What the exercise asks: Please make an exact copy of the lines from the one holding "KEEP YOUR DRINK" through the end of the data, both ends included, with no pictures.

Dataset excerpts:
= Beginning of Section =
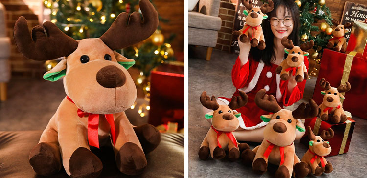 The reindeer plush toys come in three sizes: 25 cm, 35 cm, and 45 cm. This makes it highly practical and decorative, allowing for easy selection based on your needs. The smaller ones can be used to decorate cars and Christmas trees. The larger ones can be placed on the bedside of a room, on a sofa or bookshelf, and can also be given as a Christmas gift to friends.
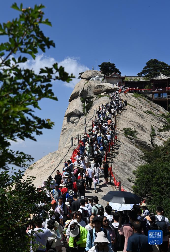 6月23日是端午小長(cháng)假的第二天,在西岳華山,游客在工作人員的引導下有序登山,領(lǐng)略“奇險天下第一山”風(fēng)光。
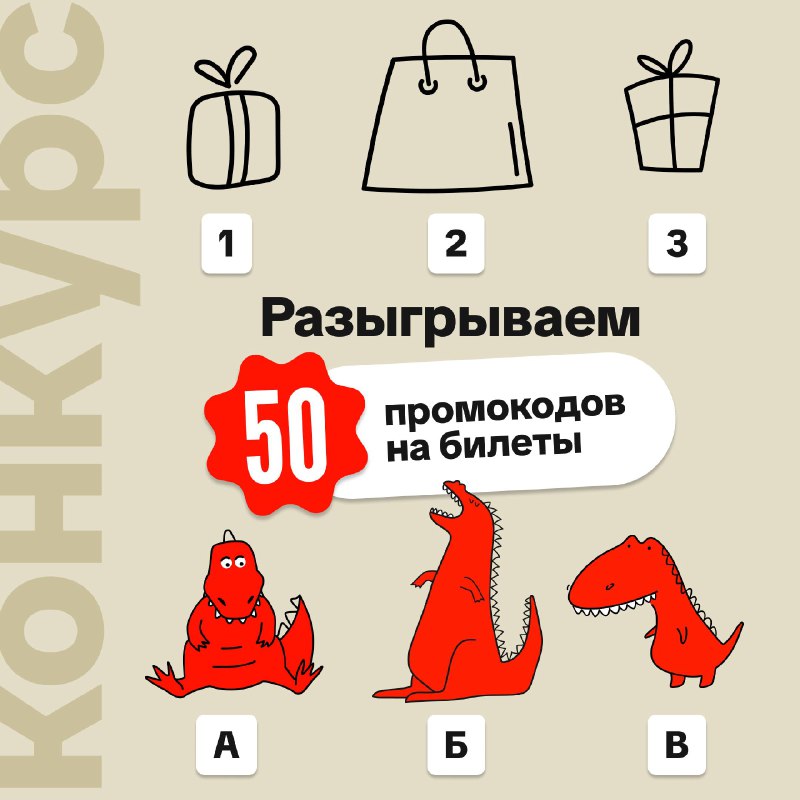 Давайте поможем им разобраться. Сопоставьте динозавра с подарком и напишите свою комбинацию в комментариях в формате цифра–буква с хэштегом #динозавр. 28 декабря мы случайным образом среди правильных ответом выберем 5 победителей и подарим по 10 промокодов на билеты «Хочу Схвачу»
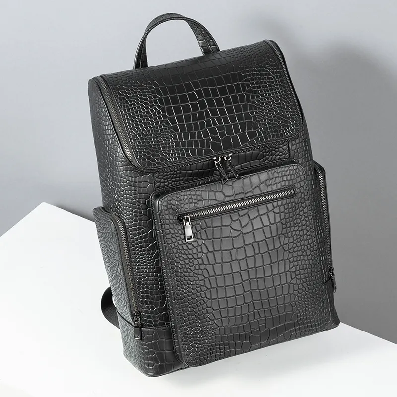 VIHUS Рюкзак из крупнозернистой текстуры коровьей кожи стандартный мужской черный
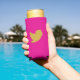 KEEP YOUR DRINK COLD WITH YOUR NEW HOT PINK & GOLD T BIRD DESIGN SLIM SELTZER COOLER!
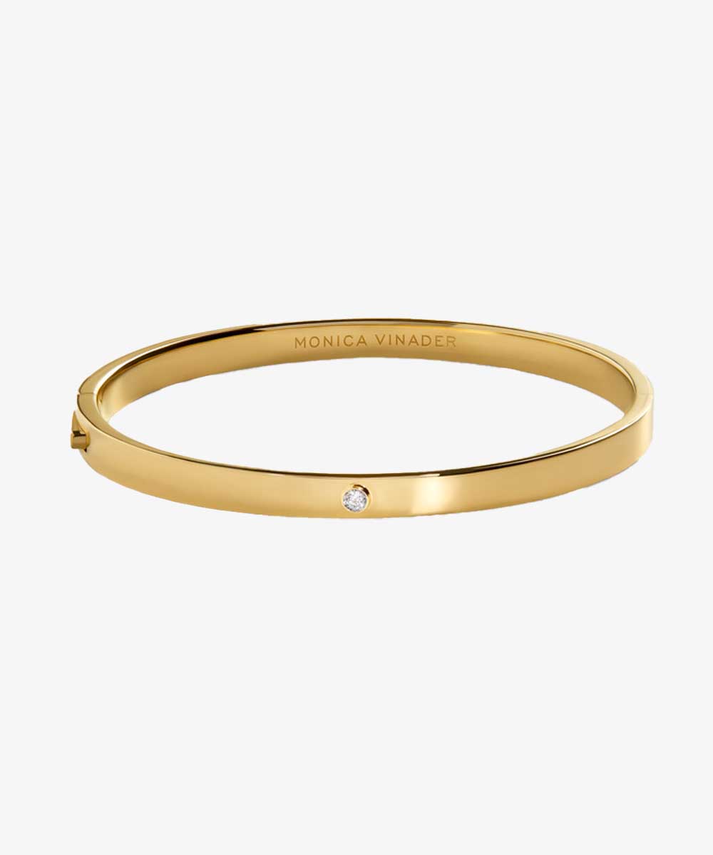 Monica Vinader offers complimentary personalization on this 8k gold vermeil bangle, set with a round-cut lab-grown diamond, making it an extra-special piece.
= End of Section =
Result for this exercise:
 KEEP YOUR DRINK COLD WITH YOUR NEW HOT PINK & GOLD T BIRD DESIGN SLIM SELTZER COOLER!
 Monica Vinader offers complimentary personalization on this 8k gold vermeil bangle, set with a round-cut lab-grown diamond, making it an extra-special piece.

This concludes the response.